Just about eleven weeks ago to the day, I got word that a company that hires civilian contractors for the US military was interested in employing me to do educational work of an intercultural sort. This news came suddenly, while I was visiting my sick grandmother in West Texas. The job offer came with one stipulation—that my wife and I relocate to San Antonio, Texas, within a matter of days.

So we packed up, quickly. We were only able to take with us the few things we could fit into our Subaru. I managed to get online and was able to reserve a room in a place called Studio 6 Extended Stay—an old Motel 6 facility that had decked out a number of its rooms with kitchens and cooking utensils.

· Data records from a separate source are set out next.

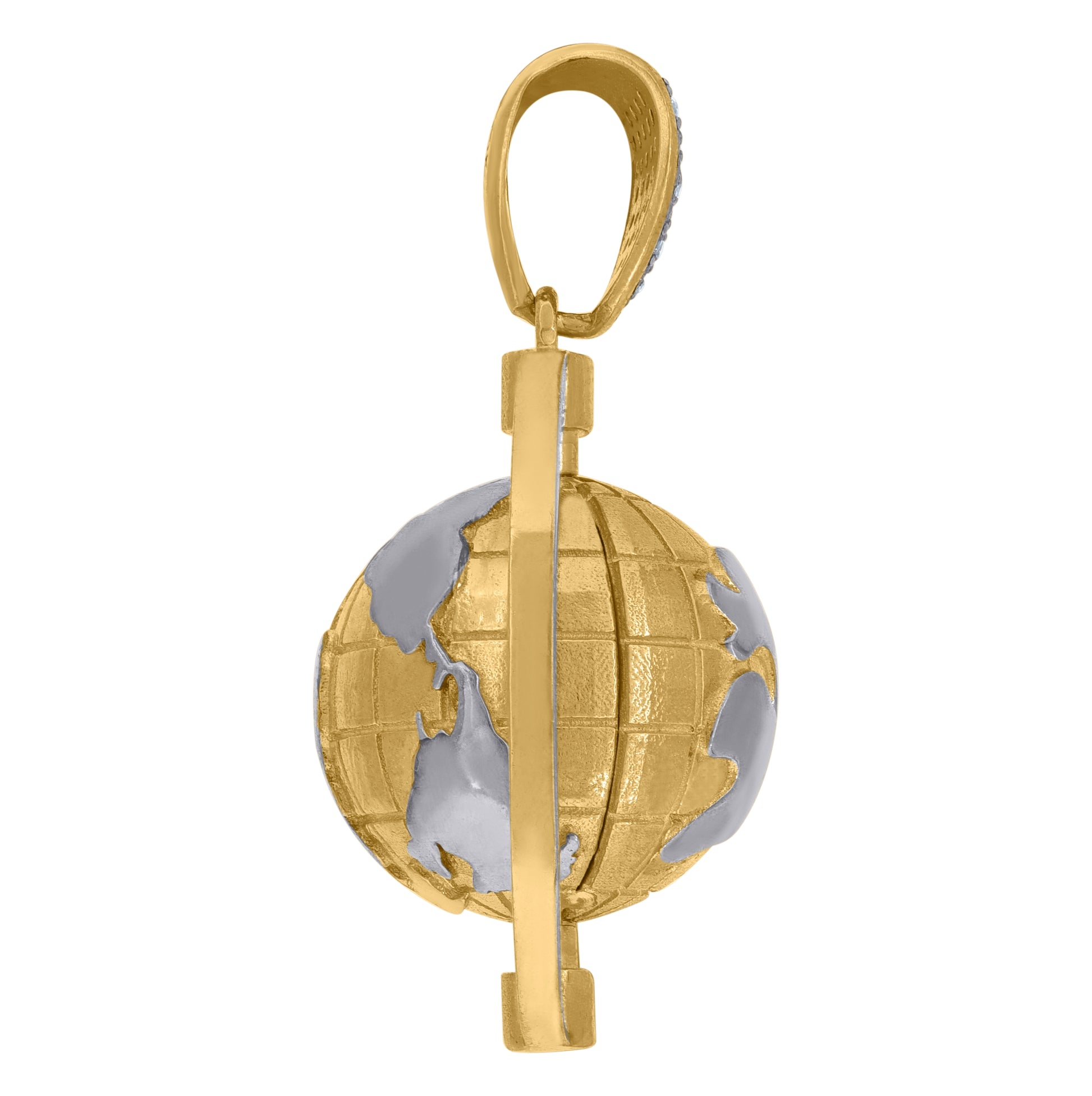 10K Two-Tone Gold Cubic Zirconia Earth Globe Map Charm Pendant
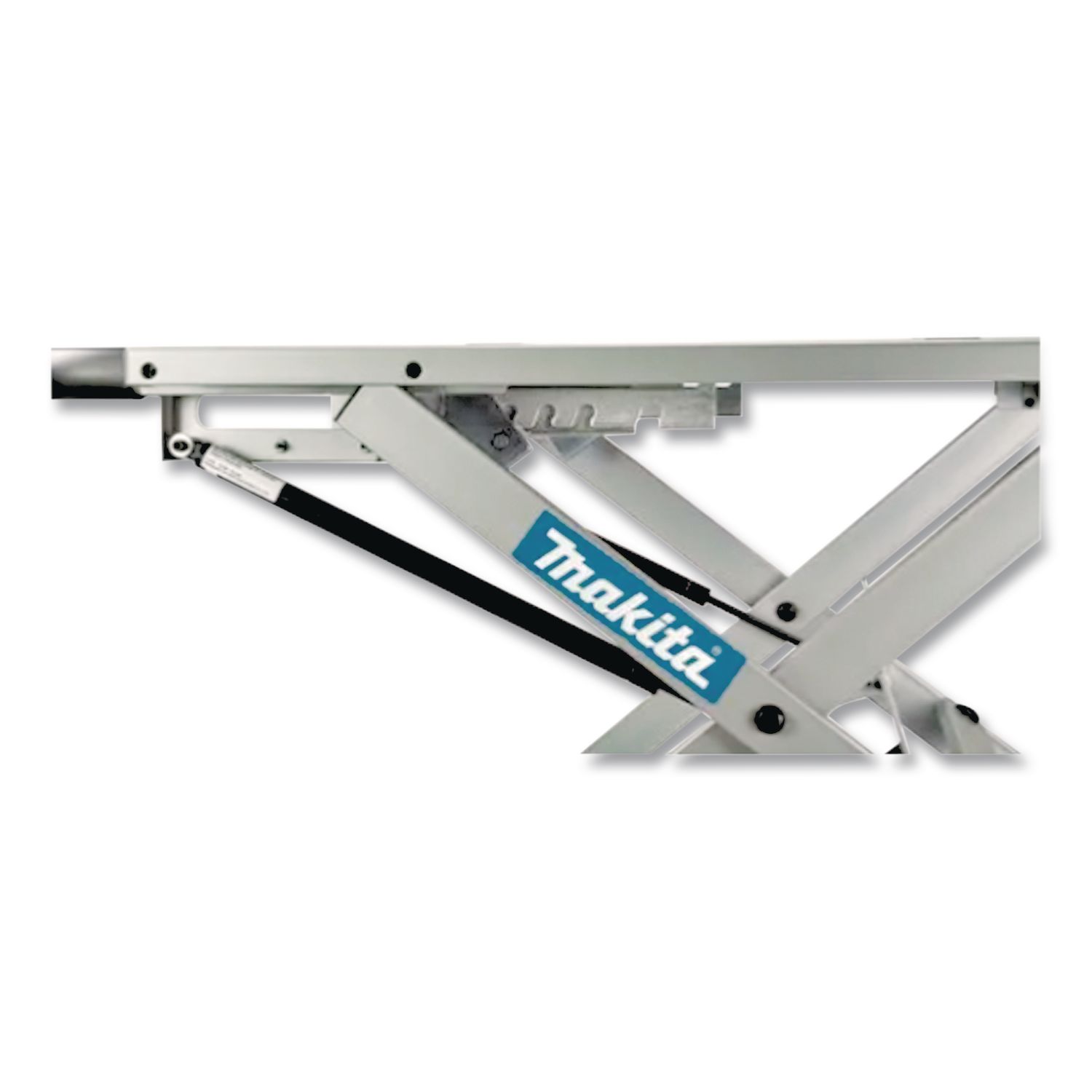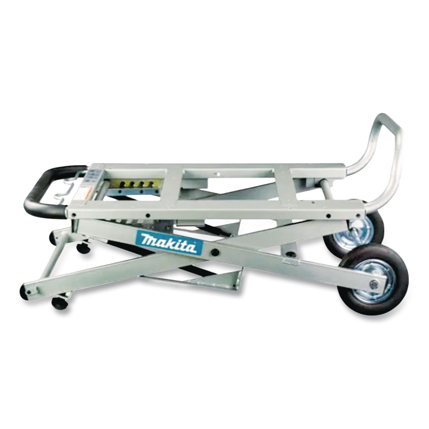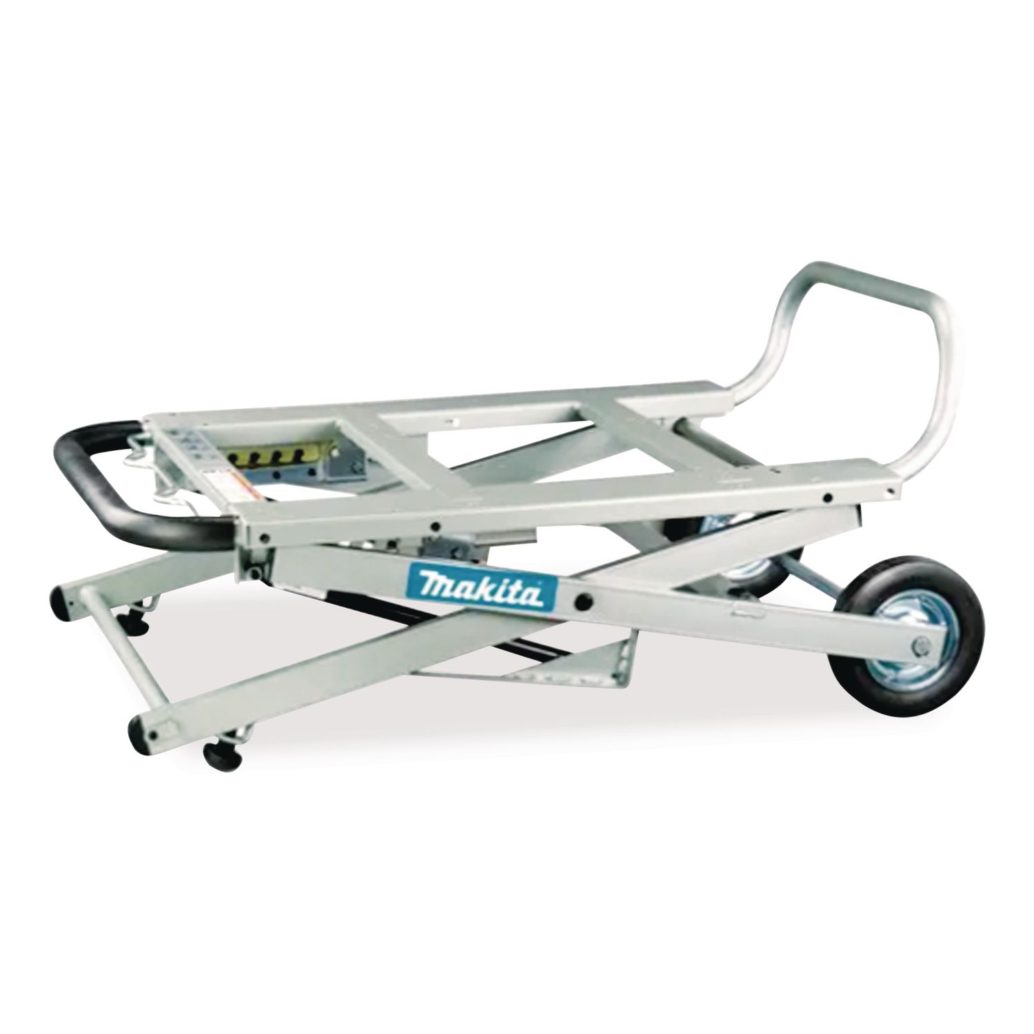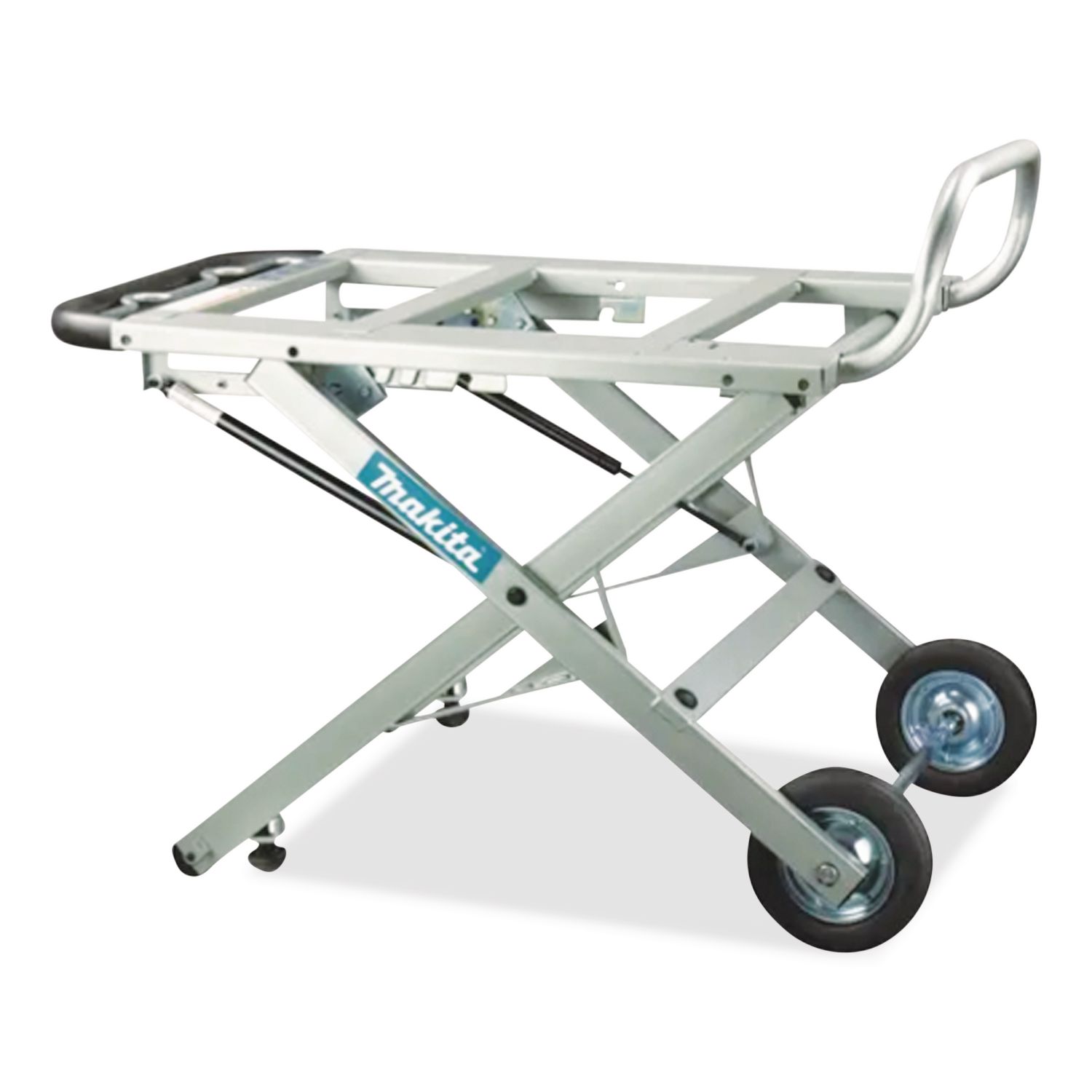 Fully adjustable with pressure-assisted cylinders on both sides. Hard rubber wheels will not go flat. Thick steel frame engineered to maintain rigidity. For use with Makita portable table saws and most competitive brand saws. Fence Material: Steel; Cordless: No; Length: 32″; Width: 44.5″.
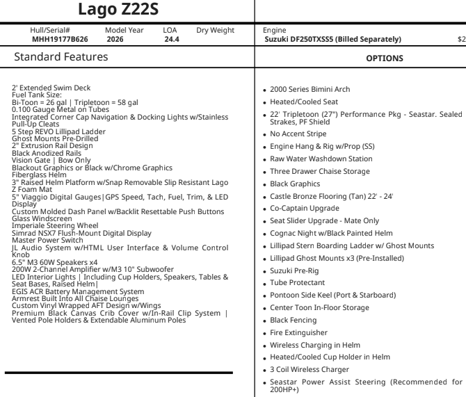 We offer the details and availability of listings in good faith, however, Boatzon is not liable for the quality, description, or pricing of this listing. This vessel is offered subject to prior sale, price change, or withdrawal without notice. If you have concerns about the information, images, or accuracy contained in this listing, you can report this listing by emailing us at Support@Boatzon.com
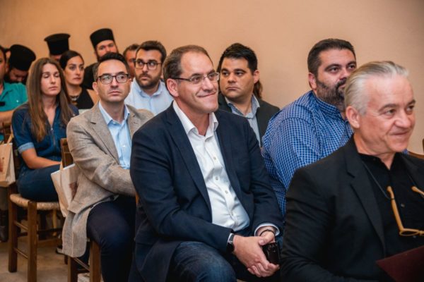 Επίσης, ο Σεβασμιώτατος, κατά τη μετάβασή του στην Ιερά Μονή Αρκαδίου, είχε τη χαρά να υποδεχθεί και να ξεναγήσει στους χώρους της Μονής, καθώς και στην Επετειακή 6η Έκθεση Αγιογραφίας και Ψηφιδωτού, που φιλοξενείται αυτήν την περίοδο στην Πινακοθήκη του Αρκαδίου, τον Υφυπουργό Εθνικής Άμυνας κ. Ιωάννη Κεφαλογιάννη, τον Υφυπουργό Αγροτικής Ανάπτυξης και Τροφίμων κ. Διονύσιο Σταμενίτη και την Βουλευτή Β1 Βορείου Τομέα Αθηνών της «Νέας Δημοκρατίας» κ. Ζωή Ράπτη, με τους οποίους είχε σύντομη συζήτηση στο Αρχονταρίκι της Μονής.
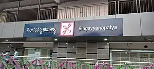 Singayyanapalya (formerly known as Mahadevapura) is an elevated metro station on the East-West corridor of the Purple Line of Namma Metro in Bengaluru, India. Around this station, holds the Hindustan Petroleum Corporation Ltd. followed by some locations like Phoenix Marketcity, VR Bengaluru, Exxonmobil Lubricants Pvt. Ltd., DTDC office and many more.[1][2][3]
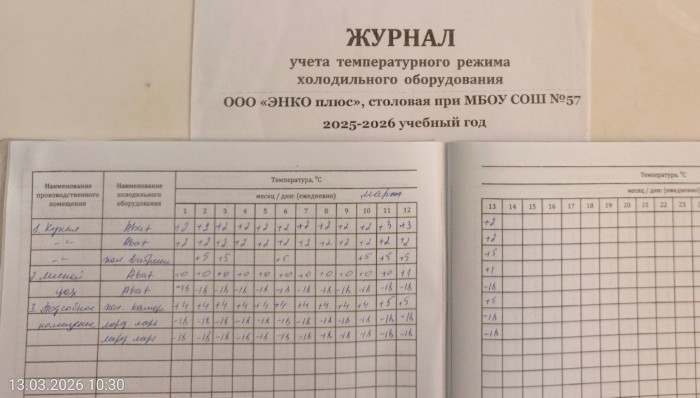Журнал учета температурного режима холодильного оборудования
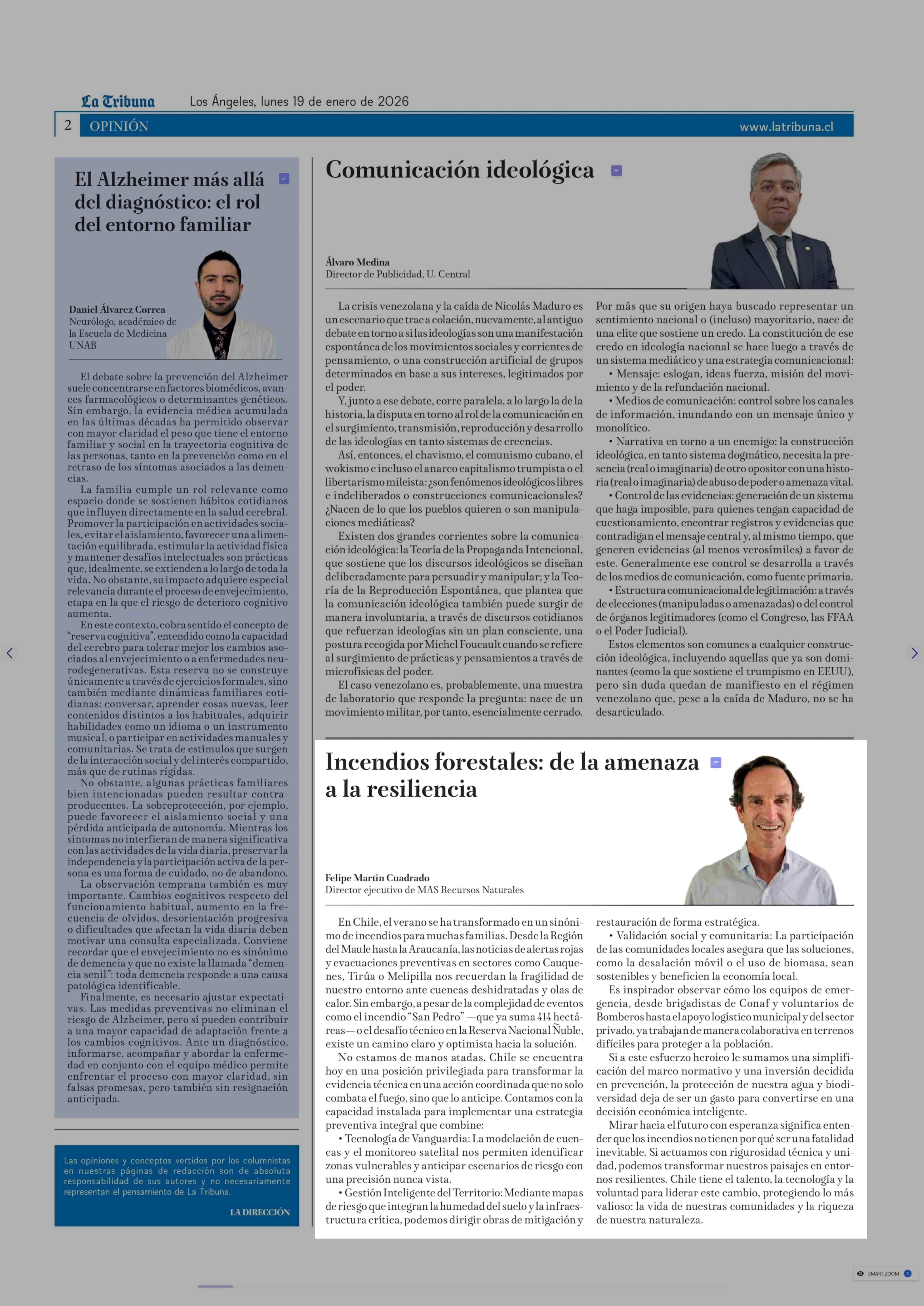 Columnas de Opinión: Incendios forestales: de la amenaza a la resiliencia 19-01-2026 La Tribuna |
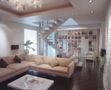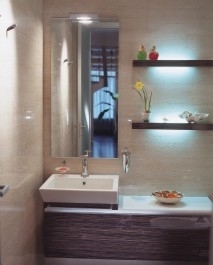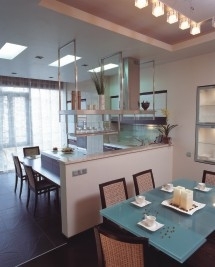 Интерьер не должен был быть пафосным — подчеркивать социальный статус обитателей и работать на внешний эффект. Хозяина интересовало другое: новое качество жизни в естественной для них с женой среде. Поэтому квартиру он хотел видеть легкой, просторной, нейтральной по стилю и в то же время обладающей индивидуальностью. Архитектору Владимиру Симоненко предстояло перевести все это на язык форм, цвета и фактур и вложить в замысел конкретный смысл. Хозяин дома не ставил перед архитектором никаких принципиальных ограничений. А кроме того, реконструируемая квартира была своеобразным "подарком" жене. То, что пространство получалось строгим, линейным, явно с "мужским" характером, хозяина не смущало. Именно такими архитектурными средствами, на его взгляд, можно было найти то, что дает ощущение пространства, которое усиливает колорит квартиры, выдержанный в объединяющих тонах мягкой и несколько "приглушенной" золотистой охры для создания большего визуального простора. В отношении материалов применен тот же принцип объединения: стекло, металл, дерево венге и мрамор различной технологической обработки. Освещение зон также решено с учетом зонирования. А применение светильников необычной конфигурации, усложненной цветом жженого сахара, продиктовано архитектурным рисунком потолка и модернистскими пристрастиями архитектора. В этом они с владельцем квартиры нашли общий язык.
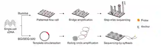 到目前为止,在单细胞转录组研究中广泛使用的是Illumina测序平台,要求绝大多数cDNA扩增与测序文库构建方法与其相兼容。而华大的BGISEQ-500平台提供了另一种短读段测序策略,区别于Illumina系统,构建了DNA纳米球微阵列(DNA nanoball)测序技术(DNBSEQ™)进行测序。
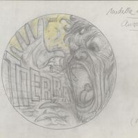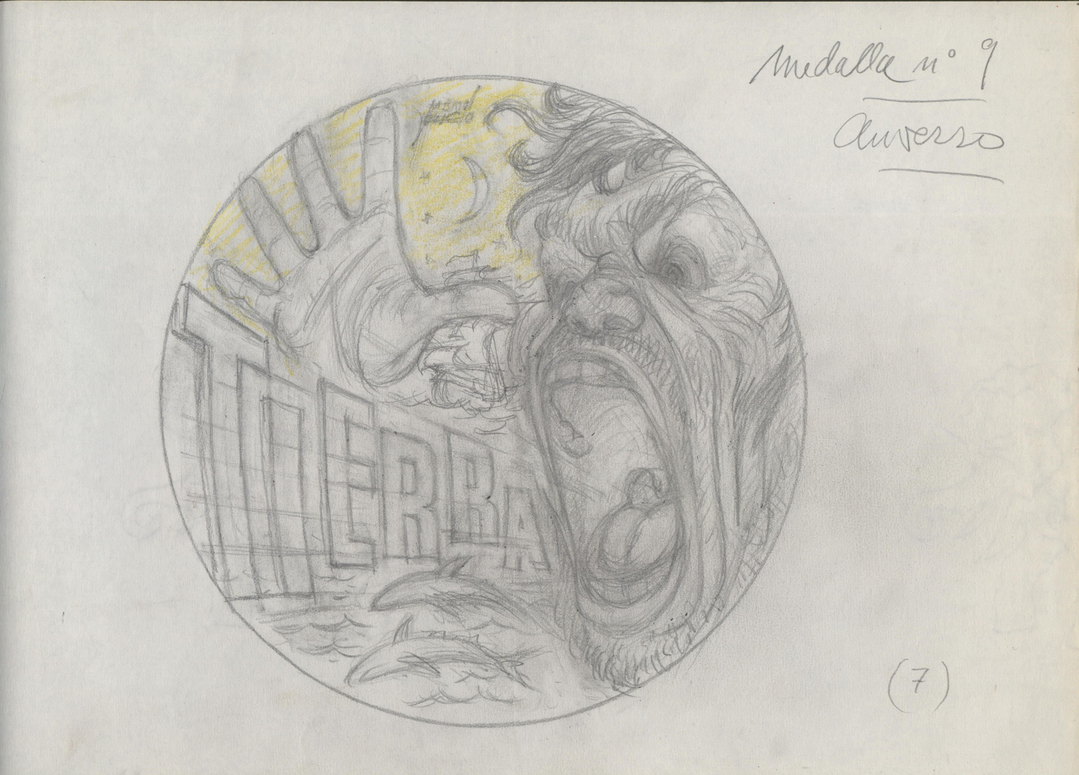 Boceto a lápiz sobre fondo claro del anverso de la medalla número nueve donde en uno de los lados aparece en primer término la boca abierta de la cara de un marinero que grita: ¡Tierra!, cuyas letras están escritas sobre un fondo donde aparece la silueta de una pareja de delfines saltando en el mar.Para Numismática Iberica. OTROS ARCHIVOS: MBO/401+446 MBR/1343
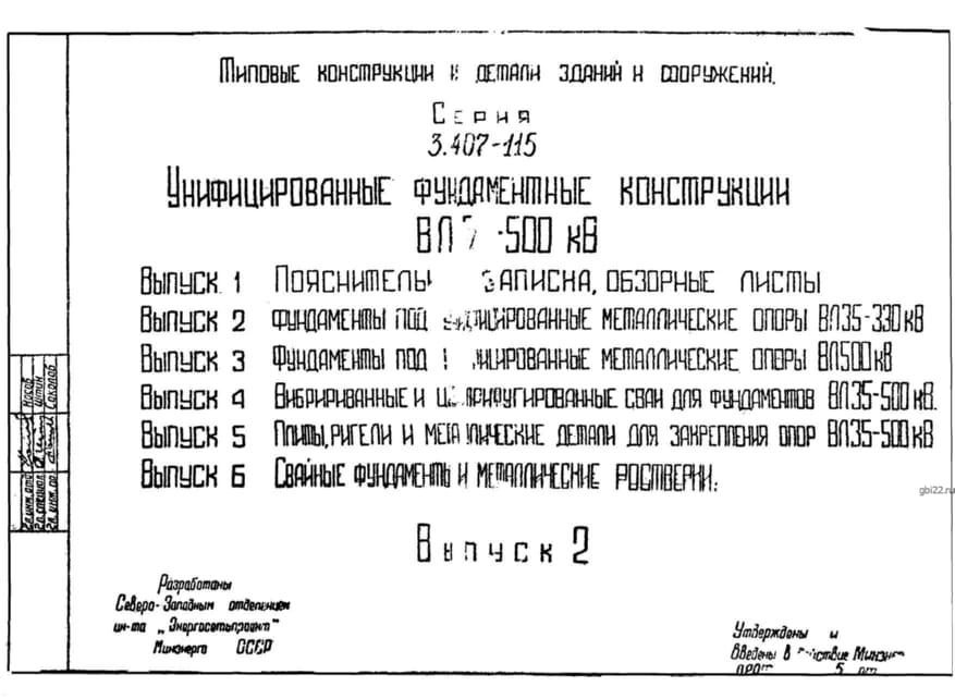 | Название стандарта | Унифицированные фундаментные конструкции ВЛ 35 - 500 кВ. |

We moved into the place, bought groceries to fill up our fridge. The following day, I started one of the most intense orientation and training programs—along with seven other trainees—ever devised by human beings. I arrived at my new workplace a few minutes after 6 a.m. each morning. Our days were filled with “briefings” and then we did all sorts of practice teaching that was observed by a large number of people who wrote up reports on what they’d seen us do. We were like lab rats sent running through mazes in search of chunks of cheese. Not all of us passed these early tests. It was boot camp for teachers and some of us were let go before the real work even got started.

I find it incredibly hard to believe that it’s been a touch less than three months since we arrived in San Antonio. In some ways, it seems like a year or more has gone by. In other ways, it seems like mere days.

I’ve been mostly exhausted since all this got started. Finally, though, I’m beginning to catch my breath. I’ve even started to wake up from this dream-state I’ve been in. I’ve mostly been in survival mode, just doing those basic things that each day required of me, but now I’m beginning to think about writing. The old creative juices are beginning to flow again. This means more blogging—of a regular sort—is in the offing.

The photo I’ve included, at the outset of this piece, is a nice one and full of symbolism. It was one of the earliest ones I took in San Antonio—on one of our visits to the city’s famed Riverwalk, downtown. In it, Azza and I have just stepped across a threshold and a dome-shaped ceiling can be seen overhead. Behind us is a wall, a waterfall, and the past. We are wearing shades as we are looking forward, toward the camera, into a bright future. We are smiling and wearing expressions of expectation. Something about us in the photo suggests that we are travelers or explorers, embarking on a sojourn that will provide plenty of wonderful surprises.